If A is a $N \times n$ matrix, then the _Singular Value Decomposition_ (SVD) of $A$ is given by 

$$A = U \Sigma V^{T}$$

where

- $U$ and $V$ are orthogonal matrices, meaning that $UU^T = \textbf{1}$ and $VV^T = \textbf{1}$ are identity matrices, and
- $\Sigma$ is a diagonal matrix, meaning that the values lie *only* on the diagonal (This does not mean that $\Sigma$ is also a square matrix!)


- U shape: $N \times N$
- $\Sigma$ shape: $N \times n$
- VT shape: $n \times n$

In particular, $U$ and $V$ are square matrices consisting of the eigenvectors of $AA^T$ and $A^TA$, respectively. Note that $\Sigma$ is _not_ necessarily a square matrix (since generally $N \neq n$). Its values are non-negative real numbers, and are the _singular values_ of $A$, which are defined as the square root of the eigenvalues of $AA^T$ (or $A^TA$, which are the same).
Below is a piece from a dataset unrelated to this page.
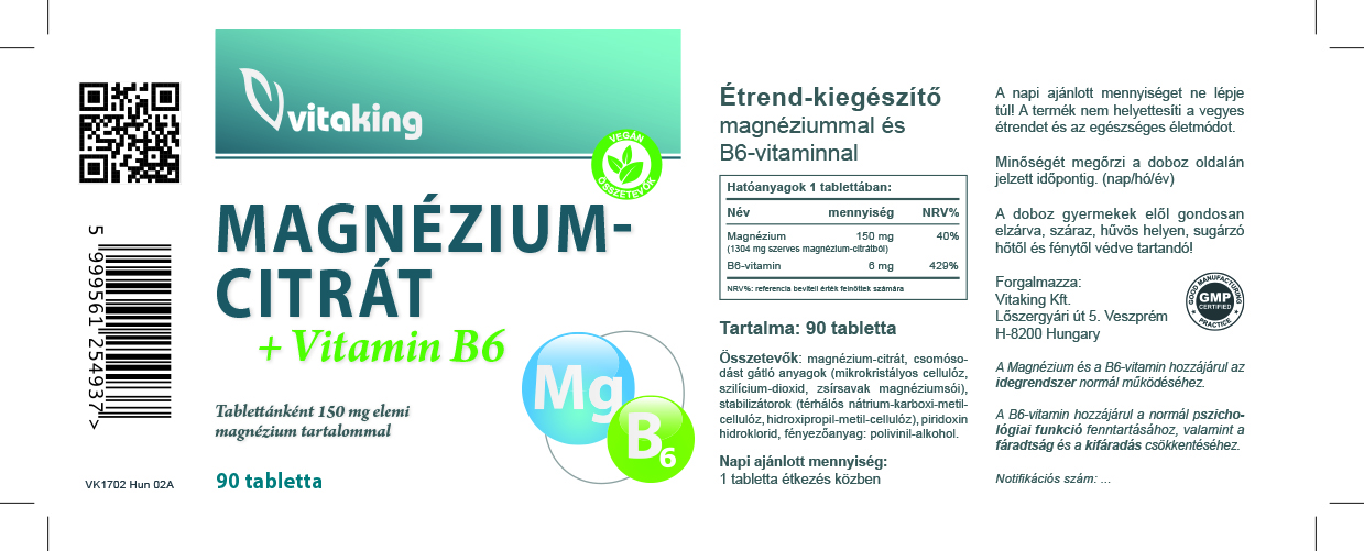 | Magnézium+B6-vitamin (90) | VK1702 | ![]() | Letöltés |

Let's see that in action. Let's start with some arbitraty matrix $M$ and compute its SVD.

In [None]:
M = np.random.random((5,3))
M

In [None]:
U, s, VT = np.linalg.svd(M)  # returns matrix, array (only diagonal)
print U
print s
print VT

Note that `numpy`'s `linalg.svd` returns `U, s, VT`, where
- `s` is the actual diagonal of $\Sigma$ (not the entire matrix) and
- `VT` is the transpose of $V$.

Note that $\Sigma$ is a diagonal matrix, but not a square matrix.

In [None]:
S = np.zeros(M.shape)
S[:min(M.shape), :min(M.shape)] = np.diag(s)
S

Let's check if the SVD equation holds:

In [None]:
np.isclose(M, U.dot(S).dot(VT)).all()

Good!

Let's check if the values in $\Sigma$ are indeed the square roots of the eigenvalues of $AA^T$ resp. $A^TA$.  
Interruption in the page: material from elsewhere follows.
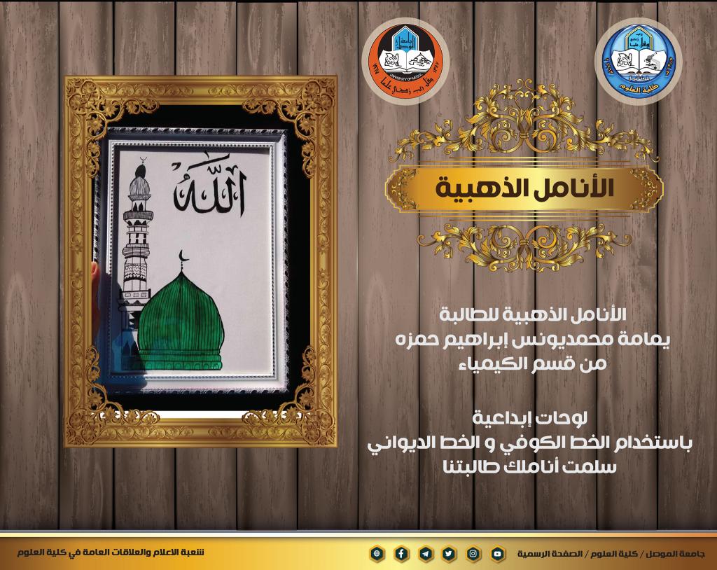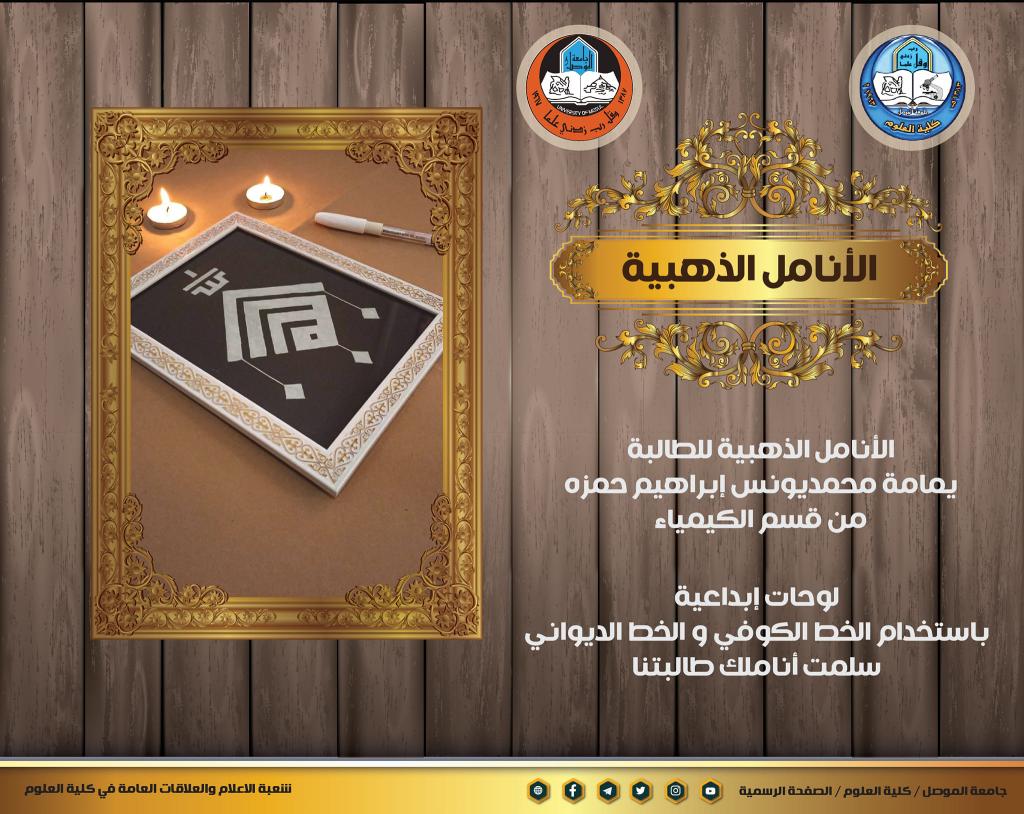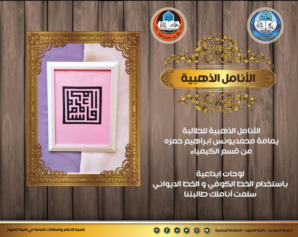 الأنامل الذهبية / الطالبة ” يمامة محمد يونس ابراهيم حمزة “

We sort the eigenvalues, so we can compare them easily. We also round down to some decimal to clearly show the values that are nearly zero.

In [None]:
values1 = np.sort(np.linalg.eig(M.dot(M.T))[0])[::-1].round(7)
values2 = np.sort(np.linalg.eig(M.T.dot(M))[0])[::-1].round(7)
squares = np.sort(np.square(s))[::-1].round(7)
print values1
print values2
print squares

Let's inspect $U$ check if its columns are indeed equal to the eigenvectors of $AA^T$.  

We sort the eigenvectors according to their eigenvalue, so we can compare them easily again.

In [None]:
values, vectors = np.linalg.eig(M.dot(M.T))
vectors = vectors[:, values.argsort()[::-1]]
print U
print vectors
print U / vectors

Note that they're equal up to a possible sign (+/-), since the orientation of eigenvectors and eigenvalues is arbitrary. Also note that the last eigenvectors are just noise as their corresponding eigenvalues are near-zero.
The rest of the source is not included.